Stored items
= = = = =

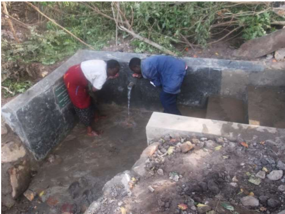
Constructed Ntikula Village Water Source, clean water.
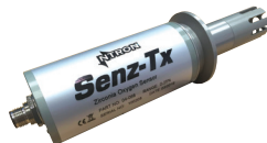
Senz-TX Oxygen Transmitter
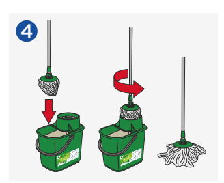
Immerse the clean mop head into the bucket of GREEN'R Indus solution and wring out the mop thoroughly.
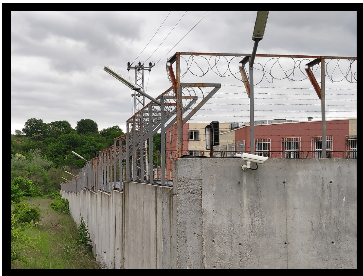
Pastrogor Transit Centre.

Maintaining the Parliament position's provision under Article 6(5b) is absolutely necessary in order to prevent secondary legislation from superseding primary EU and international law. Without free legal aid, individuals will be left without the ability to exercise their rights or to challenge violations of them. The Bulgarian case demonstrates how such dynamics are already underway and pose a significant risk to the rule of law in the EU.
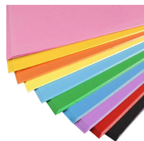
PB405 Coloured Card Assortments - 230 microns
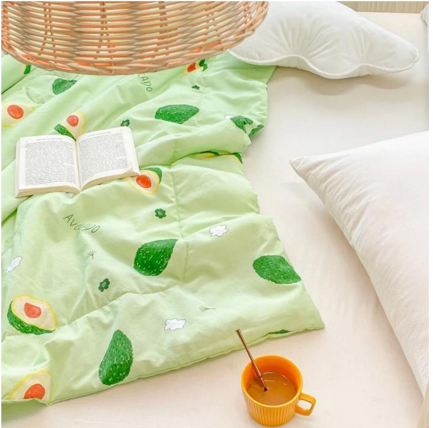
3D spiral fiber filling
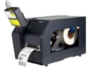
Online Data Validator (ODV)
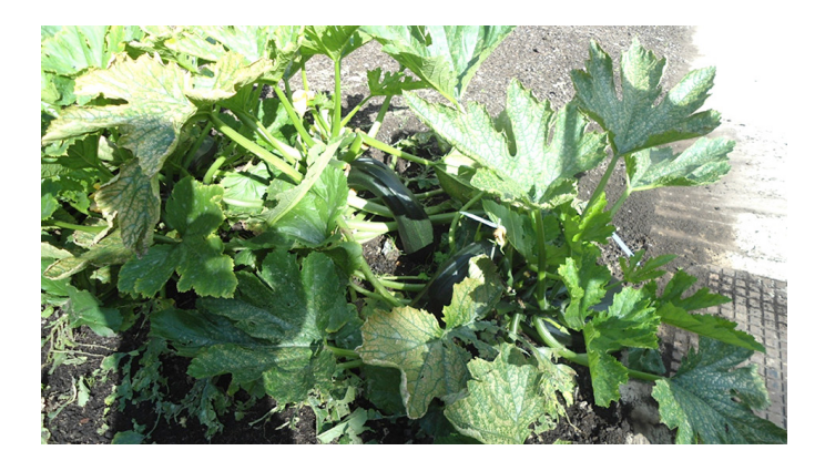
Figure 3. Vegetable patch
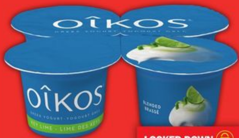
DANONE OIKOS GREEK YOGURT 8 X 100 G SELECTED VARIETIES
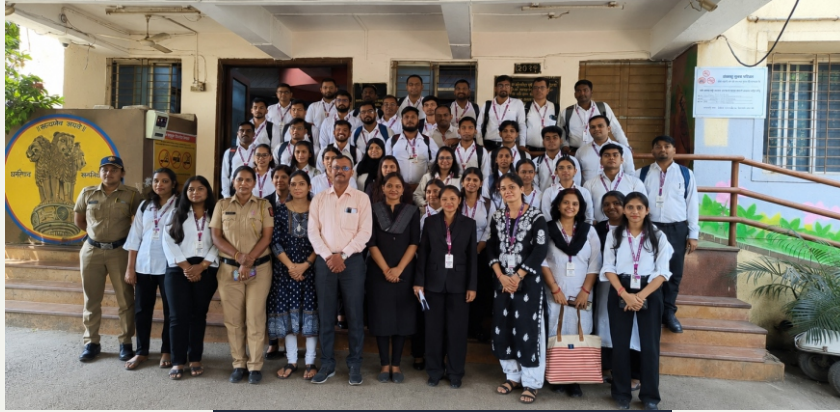
POLICE STATION VISIT
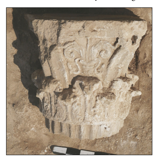
Fig. 12. Corinthian capital from the main courtyard of the 'Hellenistic House'

Above the final usage level of the courtyard, a Corinthian capital was uncovered, almost exactly matching one
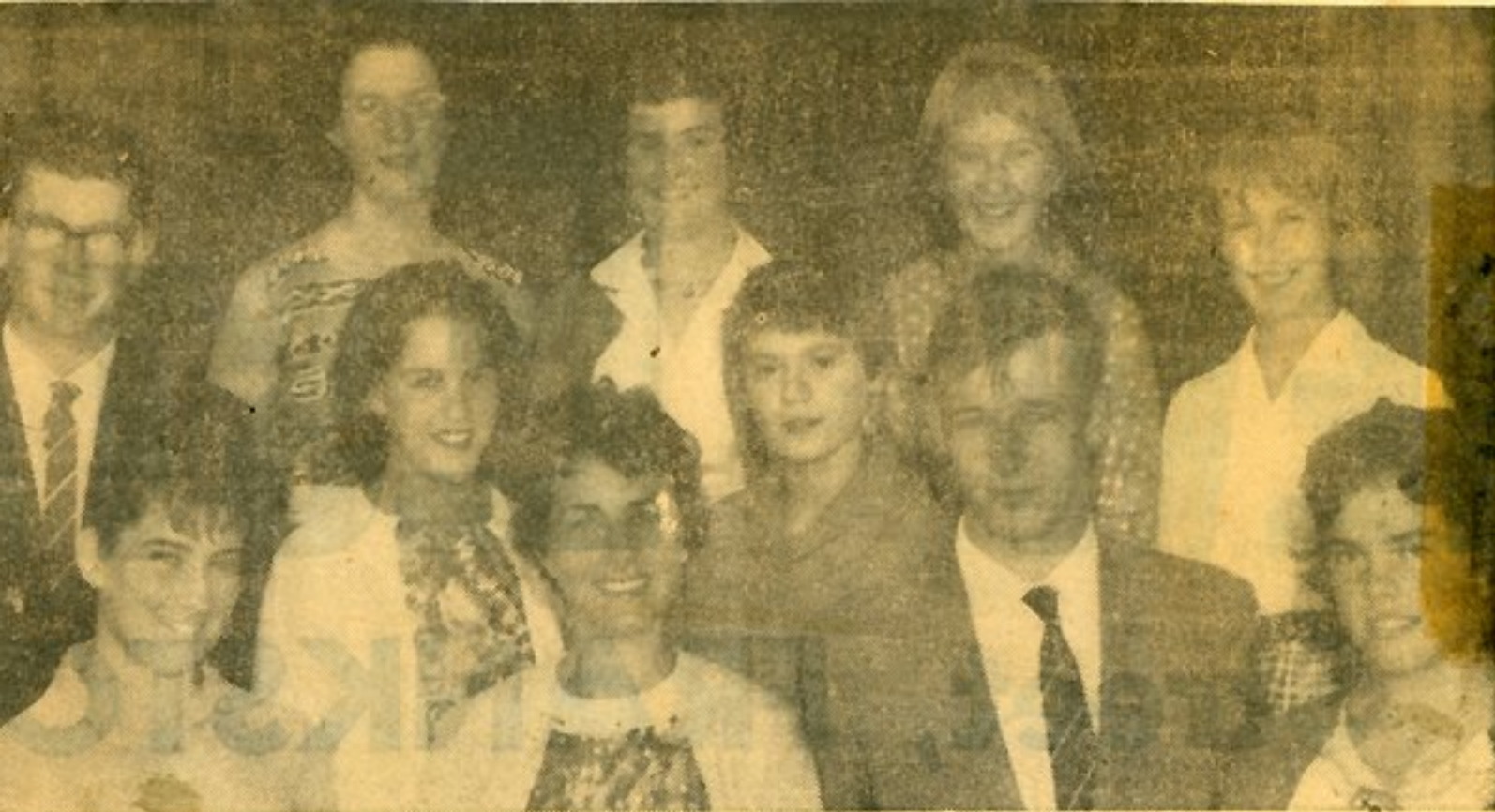
New students at the Teachers' College Frankston, who came from Mornington and further down the Peninsula.
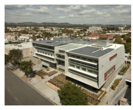
Figure 4. UCLA Health System rooftop solar.

The solar market in Santa Monica will continue to grow as city support and community engagement remains strong. California has seen increasing interest in community solar programs, including VNEM, and Californians continue to seek pathways to accessing renewable energy. The City of Santa Monica's Task Force on the Environment, established in 1991 by the city council, meets regularly each month to advise the council on environmental programs and policy issues. The city also is actively implementing their Electric Vehicle Action Plan to improve public charging infrastructure. Additionally, the city has established, and will continue to develop, energy reach codes to help buildings achieve energy efficiency targets and zero net energy goals that align with, or exceed, state goals and requirements.
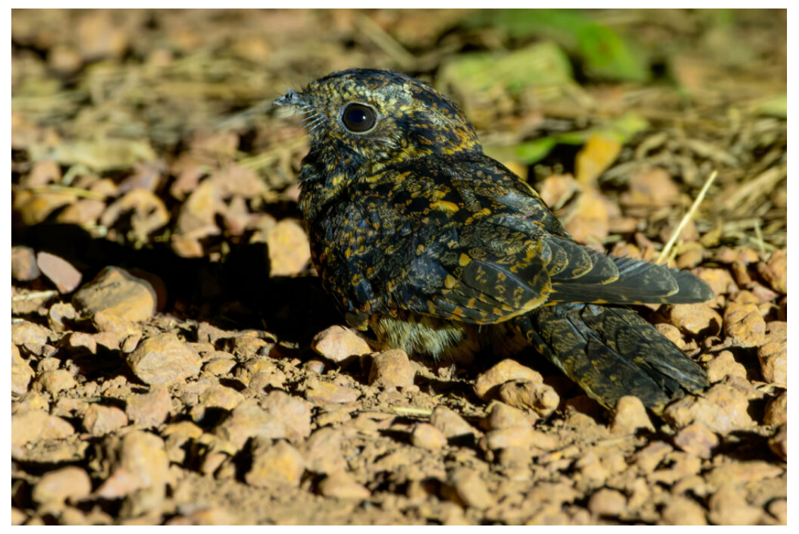
Rwenzori Montane Nightjar
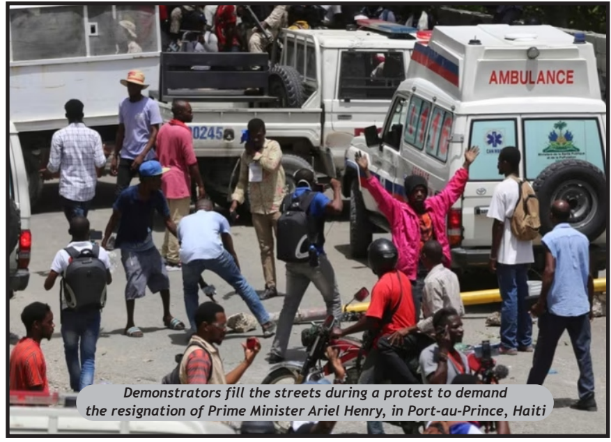
Demonstrators fill the streets during a protest to demand the resignation of Prime Minister Ariel Henry, in Port-au-Prince, Haiti

The council has asked Guterres to present by mid-August a report on all possible options, including a U.N.-led mission. Earlier this month, Blinken said the U.S. remained active in its search for a country to head a multinational force in Haiti. VOA
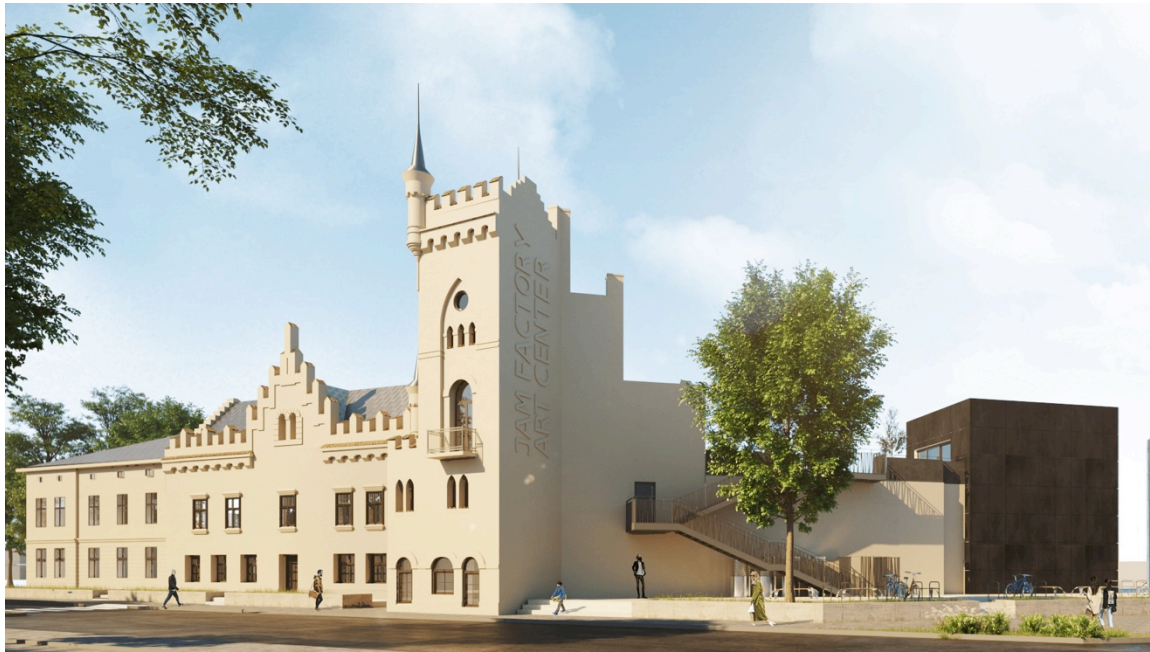
Figure 16. Jam Factory Rendering.

space. A progressive strategy example, the goal of Jam Factory is to become an institution that combines research, education and the creation of art with international and local cooperation. It would also function as an art cluster that would bring in different artists to work together.
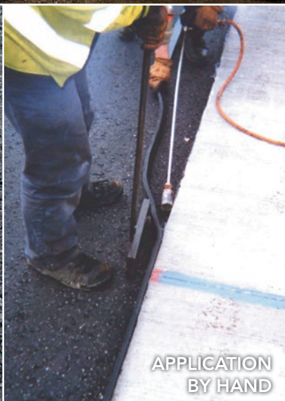
APPLICATION BY HAND
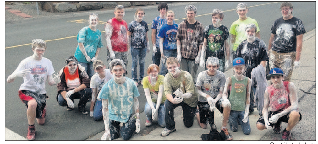
Members of Prairie City High School's freshmen and senior classes return from painting the 'PC' hill - and themselves - on Oct. 1.
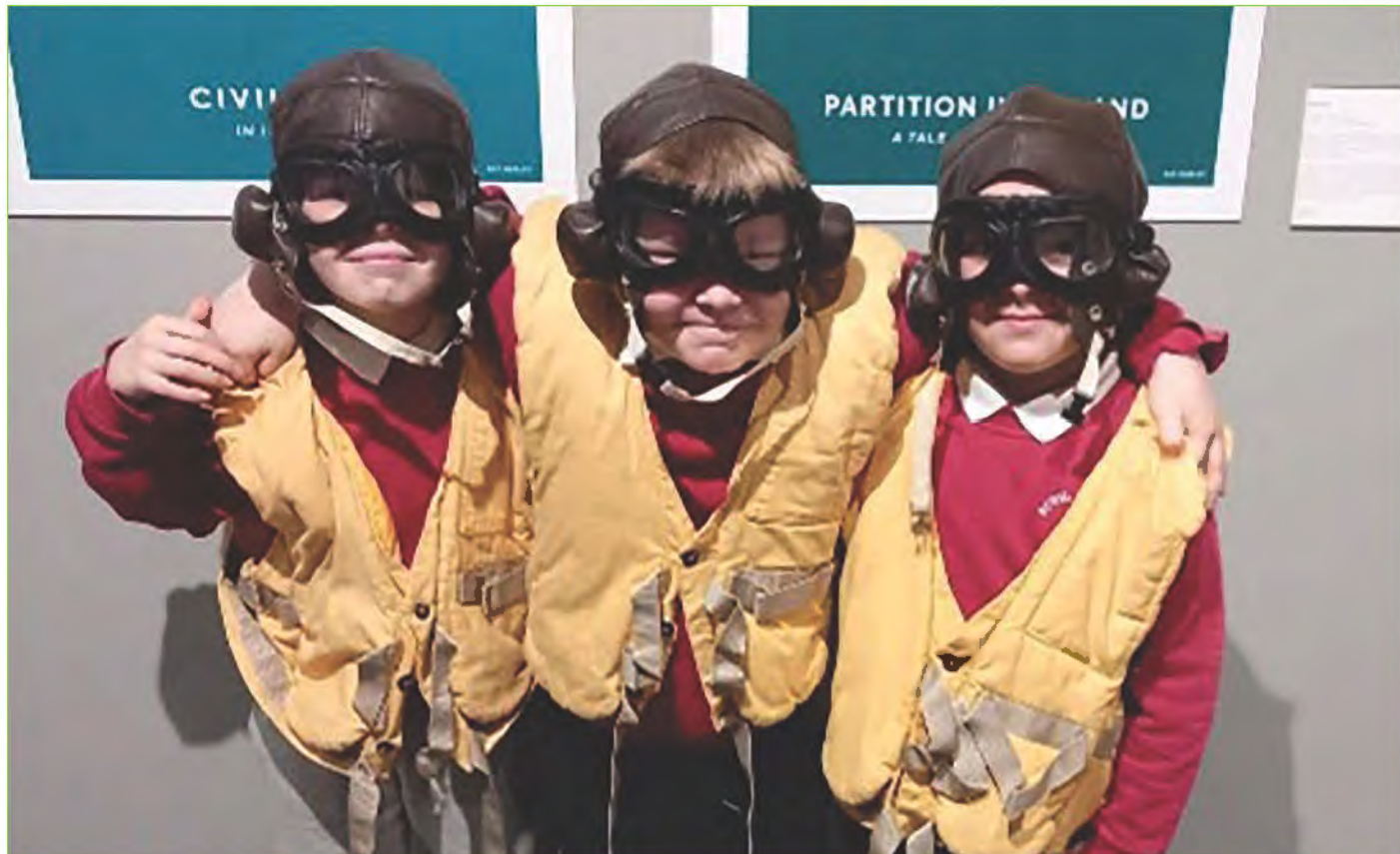
Pupils from Scoil Phádraig, Carron, Tyholland on a visit to the museum.
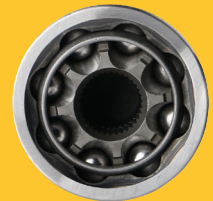
8 Ball Socket*
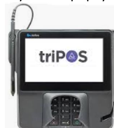
Terminal with TriPOS
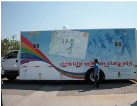
MCPN's mobile dental van opening celebration, Aug. 9, 2012

included an awards ceremony for the winning students of the dental van art contest, healthy snacks and refreshments, and guided tours of the van.
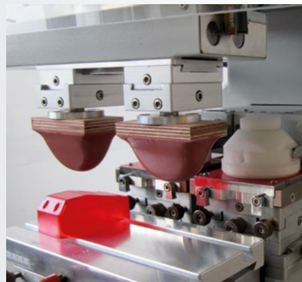
Ink-cup cross-table / pad shuttle
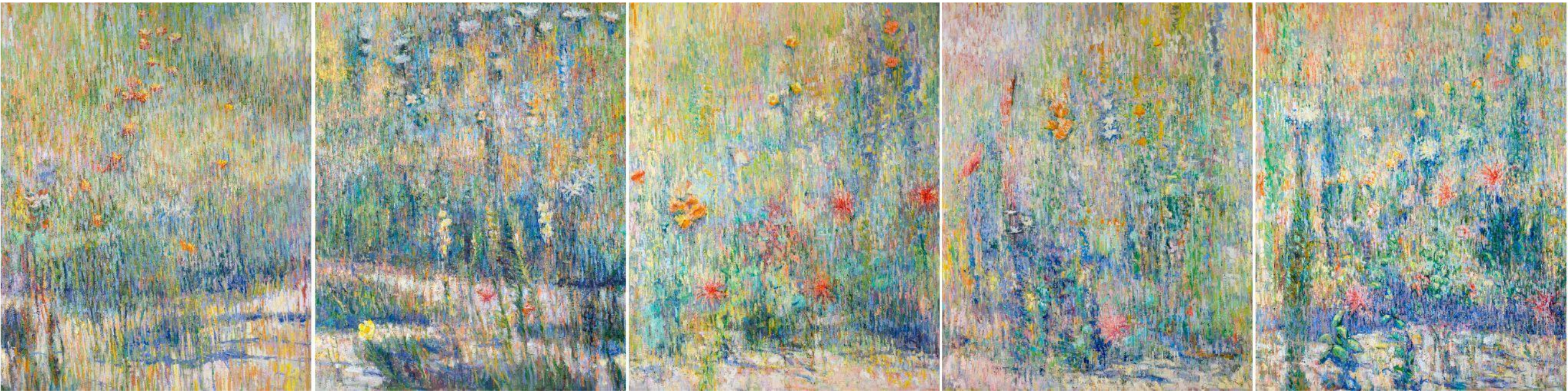
Midday light , 2021, oil and lapis lazuli on canvas, detail - panels 1-5

= = = = =

**Problem to work on:**
Your copy should hold exactly the lines from the one with "Rwenzori Montane Nightjar" through the final line of the records, both ends included, and no pictures.

**Result below:**
Rwenzori Montane Nightjar
Demonstrators fill the streets during a protest to demand the resignation of Prime Minister Ariel Henry, in Port-au-Prince, Haiti

The council has asked Guterres to present by mid-August a report on all possible options, including a U.N.-led mission. Earlier this month, Blinken said the U.S. remained active in its search for a country to head a multinational force in Haiti. VOA
Figure 16. Jam Factory Rendering.

space. A progressive strategy example, the goal of Jam Factory is to become an institution that combines research, education and the creation of art with international and local cooperation. It would also function as an art cluster that would bring in different artists to work together.
APPLICATION BY HAND
Members of Prairie City High School's freshmen and senior classes return from painting the 'PC' hill - and themselves - on Oct. 1.
Pupils from Scoil Phádraig, Carron, Tyholland on a visit to the museum.
8 Ball Socket*
Terminal with TriPOS
MCPN's mobile dental van opening celebration, Aug. 9, 2012

included an awards ceremony for the winning students of the dental van art contest, healthy snacks and refreshments, and guided tours of the van.
Ink-cup cross-table / pad shuttle
Midday light , 2021, oil and lapis lazuli on canvas, detail - panels 1-5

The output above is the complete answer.